In observance of Juneteenth, Ward Law will close all offices. This will be a day for our attorneys and staff to educate and connect on the significance of this moment in Black history and we encourage everyone else to do the same.
Juneteenth celebrates the date in 1865, more than two years after the Emancipation Proclamation, when enslaved people in Galveston, Texas, learned that they had been freed through Maj. Gen. Gordon Granger’s “General Orders, Number 3.” The day is the oldest commemoration of the end of slavery in the United States, but it hasn’t been honored as a holiday or taught in history classes throughout much of the country.
Juneteenth’s closest equivalent among the holidays traditionally acknowledged by corporate America is Labor Day. The labor movement fought for the date honoring workers, which became a federal holiday in 1894. No other holiday on the American calendar specifically honors the end of slavery.
In 1980, Texas became the first state to designate Juneteenth as a holiday.
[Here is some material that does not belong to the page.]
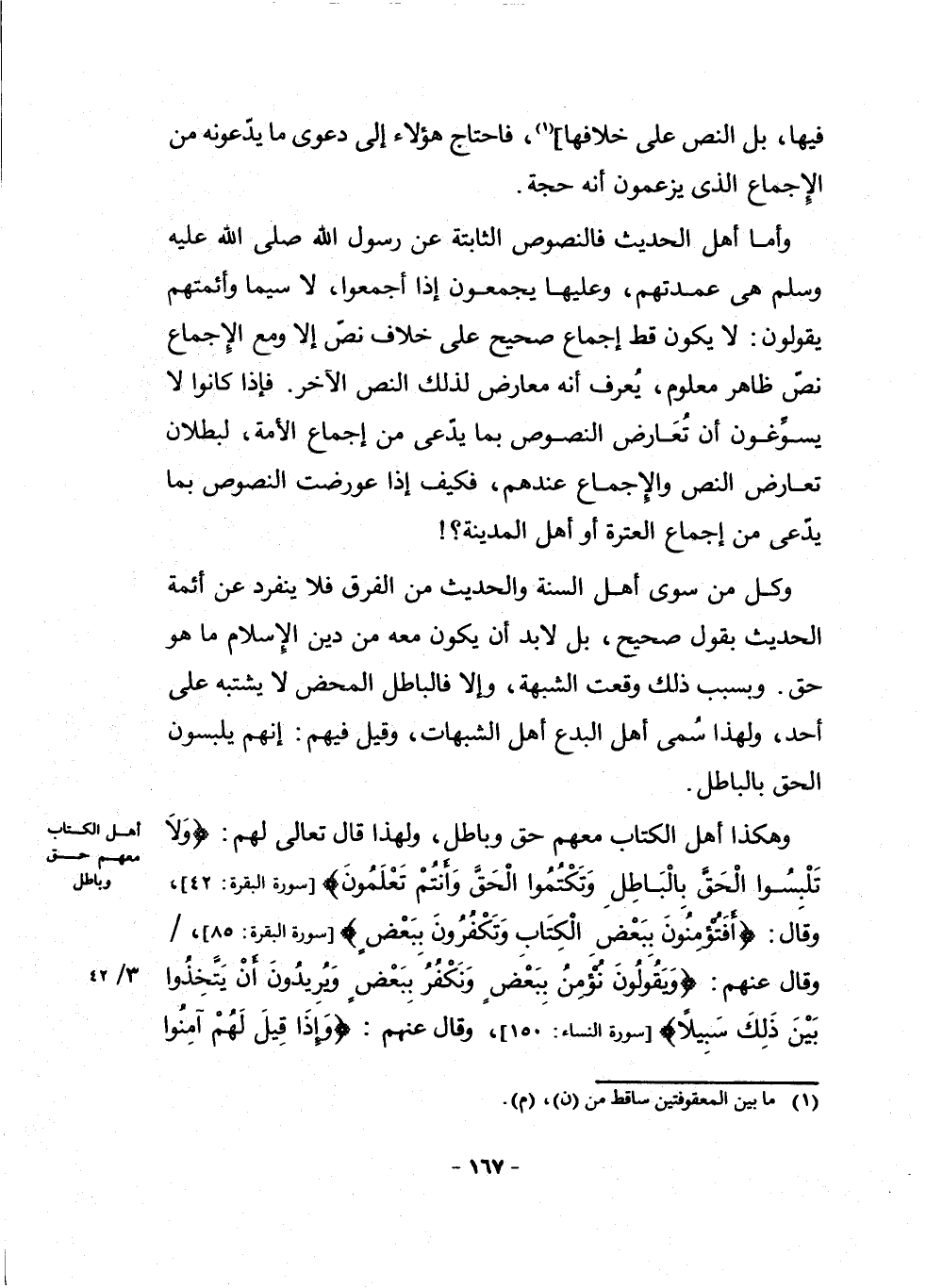 وَأَمَّا أَهْلُ الْحَدِيثِ فَالنُّصُوصُ الثَّابِتَةُ عَنْ رَسُولِ اللَّهِ - صَلَّى اللَّهُ عَلَيْهِ وَسَلَّمَ - هِيَ عُمْدَتُهُمْ، وَعَلَيْهَا يَجْمَعُونَ إِذَا أَجْمَعُوا، لَا سِيَّمَا وَأَئِمَّتُهُمْ يَقُولُونَ: لَا يَكُونُ قَطُّ إِجْمَاعٌ صَحِيحٌ عَلَى خِلَافِ نَصٍّ إِلَّا وَمَعَ الْإِجْمَاعِ نَصٌّ ظَاهِرٌ مَعْلُومٌ، يُعْرَفُ أَنَّهُ مُعَارِضٌ لِذَلِكَ النَّصِّ الْآخَرِ. فَإِذَا كَانُوا لَا يُسَوِّغُونَ أَنْ تُعَارَضَ النُّصُوصُ بِمَا يُدَّعَى مِنْ إِجْمَاعِ الْأُمَّةِ، لِبُطْلَانِ تَعَارُضِ النَّصِّ وَالْإِجْمَاعِ عِنْدَهُمْ، فَكَيْفَ إِذَا عُورِضَتِ النُّصُوصُ بِمَا يُدَّعَى مِنْ إِجْمَاعِ الْعِتْرَةِ أَوْ أَهْلِ الْمَدِينَةِ؟ .

Then, 45 other states and the District of Columbia have moved to officially recognize the day. Florida followed in 1991, Pennsylvania in 2001 and New Jersey in 2004. In 2019, New Hampshire became the latest state to declare Juneteenth a state holiday. On Tuesday, Gov. Ralph Northam of Virginia said he would propose legislation to make Juneteenth a paid state holiday and on Wednesday, Gov. Andrew Cuomo of New York declared the anniversary a holiday for state employees.
In 2018, the U.S. Senate passed a resolution designating June 19 as “Juneteenth Independence Day,” but it has not yet reached the House. The time is now!